Zoology has been slow to answer these sorts of question. The strangeness of our marsupials – to European minds at least –  inclined scientists to consider them primitive at best; an evolutionary backwater at worst. When it came to understanding marsupial eye sight, our primate bias literally coloured our thinking. The long-held view was that few mammals – and then only primates – could see in colour. The rest, including marsupials, saw in black and white.
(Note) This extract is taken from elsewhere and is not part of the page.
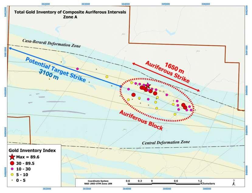 The “A’ zone, which comprises the largest historical resource, 522,900 oz @ 1.52 g/t Au, has had ~15 km drilled over 1.65 km of strike with 3.1+ km remaining to be tested; open at depth.

But some clever research at the University of Western Australia has found that marsupials do see in colour, and probably in more colours than we do. The human retina, the light-sensing part of the eye, has two types of cells called rods and cones. Rods help with vision in low light, while cones help with colour vision and detail. The retinas of most other mammals don’t have cone cells, so those mammals don’t see in colour. After the WA research, we now know that marsupials, like primates, have both rods and cones. In fact they have extra sensitivity in their cones, allowing some of them to see in the ultraviolet light range. In addition their vision span is around 300 degrees, in comparison to the human span of around 180 degrees.


[wallaby footprints]  
I guess I should have known about these special marsupial powers through watching episodes of “Skippy the Bush Kangaroo” on TV in the 1960s and ‘70s. In that bush melodrama, Skippy always seemed to come to the rescue of the humans by warning of danger ... (“What’s that Skip? The bank robbers are hiding in the bush!?”) ... or by untying the rope-bound humans (who knew kangaroos had prehensile paws?) ... and even by jumping on deadly snakes so the ranger and his son could escape.
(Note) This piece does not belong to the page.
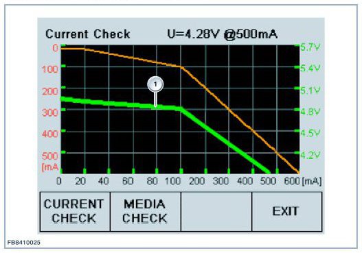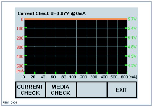 During the test, the load current of the USB connection is increased in steps, and the voltage is measured at the USB connection at the same time. These values are shown graphically on the display of the IMIB.

Perhaps science has at last caught up, and can now explain why “Skip” was always a step ahead of the bad guys. She could see so much better than the humans, thanks to her wider vision and ability to see further along the spectrum.


["I'm watching you." A well-dressed pademelon.]  

Next time I’m weeing Noo late at night, I’ll have a new respect for “Skip” and her friends. As they peer back at me through the gloaming, I’ll be aware that they’re seeing a lot more than I’d previously guessed. I might even have to dress a little better, making sure I’m colour coordinated. It doesn’t do to upset the neighbours.